This is country B considering something a citizen of country A did while in country A to be a crime. And not that it even matters but in country A that thing is legal. Like country B is a sovereign state and can arrest you for whatever it wants while you're there but the bigger question is whether country A should be mad about it and impress themselves on country B to get them to not do that.

That's really the issue here and exactly what the GRANITE Act he's proposing does.

It seems like the US is actually being too nice here. It's a perfectly reasonable position to reject the notion that a country has global jurisdiction and to consider such an arrest to be a hostile act against the US. I would be pissed the moment a country thought it could punish one of my citizens for something they did while under my jurisdiction—even something that I consider to be illegal.

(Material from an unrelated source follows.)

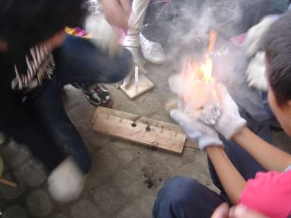 午後からの活動は,火おこしを行いました。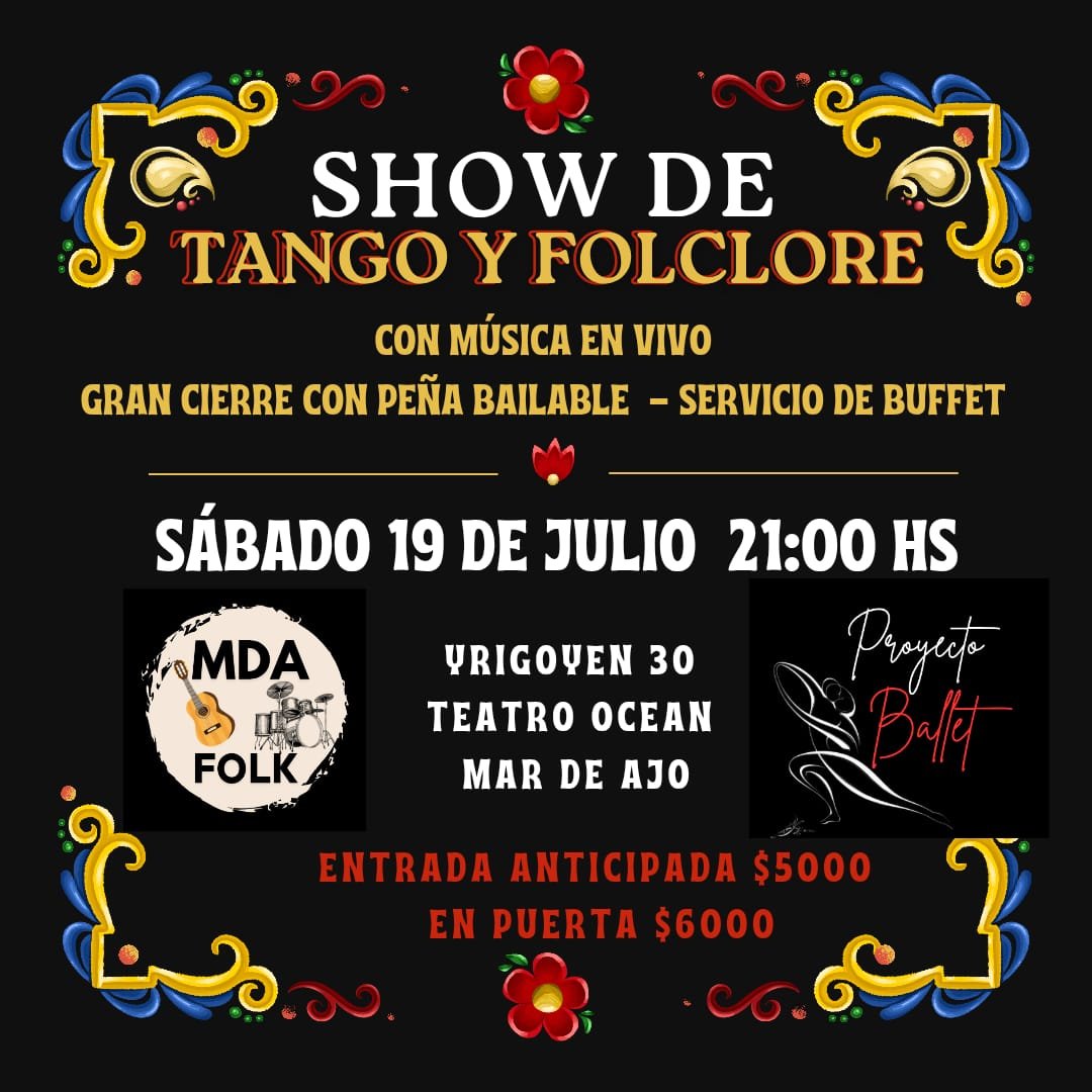 En el Teatro Ocean (Yrigoyen 30), en tanto, se presentará un show de tango y folklore que incluirá música en vivo y un gran cierre con peña bailable. Se anuncia la actuación de MDA Folk y Proyecto Ballet.

There are cases in which refugees were tried in the EU, when there was a suspicion that they committed war crimes in Syria while being citizens of the country.

Or imagine that country X with age of consent of 18 would find out that the citizen of country X while home, married 8yo child and impregnated her.

It's the same principle. So there is nothing special about extending jurisdiction beyond your own borders.

The issue in this case is that Freedom of Speech is such a fundamental right, that it should not be forbidden anywhere in the world. Sadly, it is forbidden in most Western countries, let alone developing.


The idea is that a website in the US can be accessed by UK users, no matter what blocks are put in place on either end. Agree that the US shouldn't be nice about this though.